L’humidité engendre-t-elle des conséquences sur votre production de vin ?
“Les deux dernières années ont été très compliquées. En septembre 2023, on a eu un
temps tropical. Il y a avait de la condensation sur le plafond du caveau, je n’avais jamais
vu ça. La mouche asiatique a fait son apparition dans nos vignes qui ont engendré de la
piqûre acétique. Des nuages de moucherons piquaient les raisins. Les grappes sont
devenues vinaigres. Durant les vendanges, on a jeté jusqu’à 30% de notre récolte. Cela
évoluait tellement vite qu’il aurait fallu vendanger 37 hectares en une semaine, ce qui
est impossible. En 2024, les champignons Mildiou et Oïdium ont impacté gravement nos
récoltes, en se développant avec la chaleur et l’humidité. Les grappes étaient prises
avant même les feuillages. Avec notre culture bio, les problèmes sont d’autant plus
graves.”
Observez-vous cependant une baisse des gelées ?
“Non, on a de plus en plus de gel. Aujourd’hui, on peut avoir des gelées printanières de
plus en plus fréquentes. On met en place des éoliennes pour brasser l’air. Certains
utilisent aussi des bougies qui coûtent entre 2000 à 5000 € l’hectare et ne protègent que
4 nuits.”
A Bois Mozé, avez-vous pris des mesures face à ces aléas climatiques ?

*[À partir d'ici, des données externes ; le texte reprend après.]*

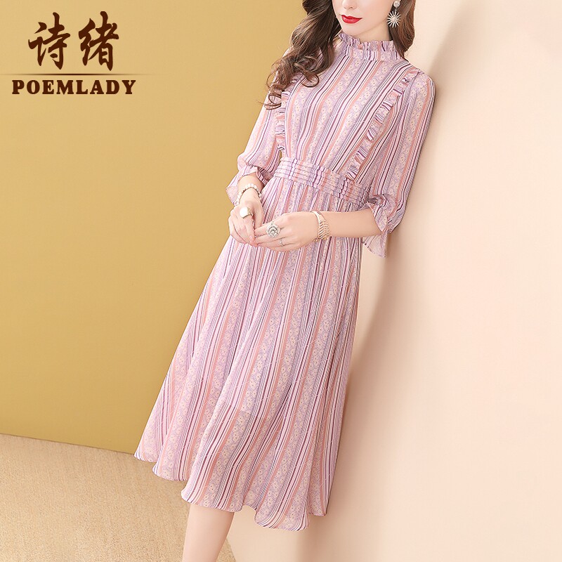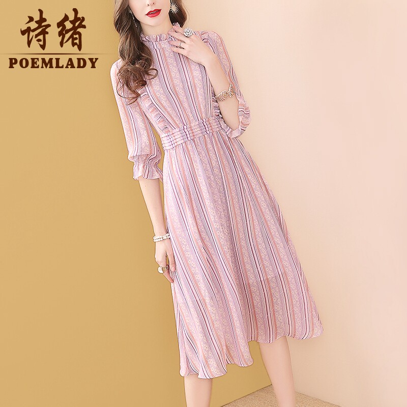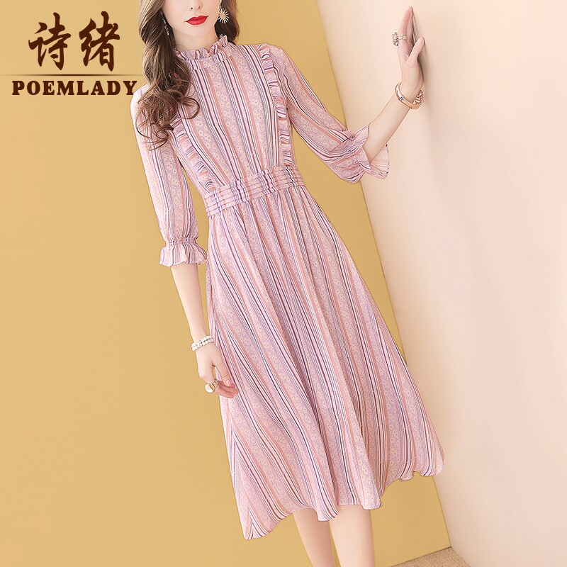 Shixu spring dress pink chiffon dress women's spring 2022 new 8686 (new link 611117647426)

“On a réinvesti dans du matériel pour intervenir rapidement dans les 24h après les fortes
pluies. On cherche des plantations où on n’a pas besoin de traiter, mais la qualité de vin
est médiocre. Bientôt, nous allons arracher des vignes pour produire moins, afin de
mieux valoriser nos bouteilles. S’il y avait des solutions efficaces, tout le monde les
ferait.”
Etes-vous optimiste concernant l’avenir ?

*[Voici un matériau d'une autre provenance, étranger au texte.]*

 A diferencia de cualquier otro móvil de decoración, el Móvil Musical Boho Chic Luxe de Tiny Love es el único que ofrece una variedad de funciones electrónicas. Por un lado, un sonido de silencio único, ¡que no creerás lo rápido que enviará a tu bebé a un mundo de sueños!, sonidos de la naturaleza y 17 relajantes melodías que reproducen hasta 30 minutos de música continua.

“La nature est difficile. Je suis inquiet pour le personnel. On doit toujours innover. On a
fait développer l’œnotourisme. Les gens vont plus vers le bio, ils sont sensibles à
l’environnement. On essaye d’innover mais c’est dur. Jusqu’où va-t-il falloir aller pour
vivre de notre métier ? J’ai 56 ans, et chercher des solutions constamment, c’est difficile.
On se demande si on ne va pas être à court d’idée.”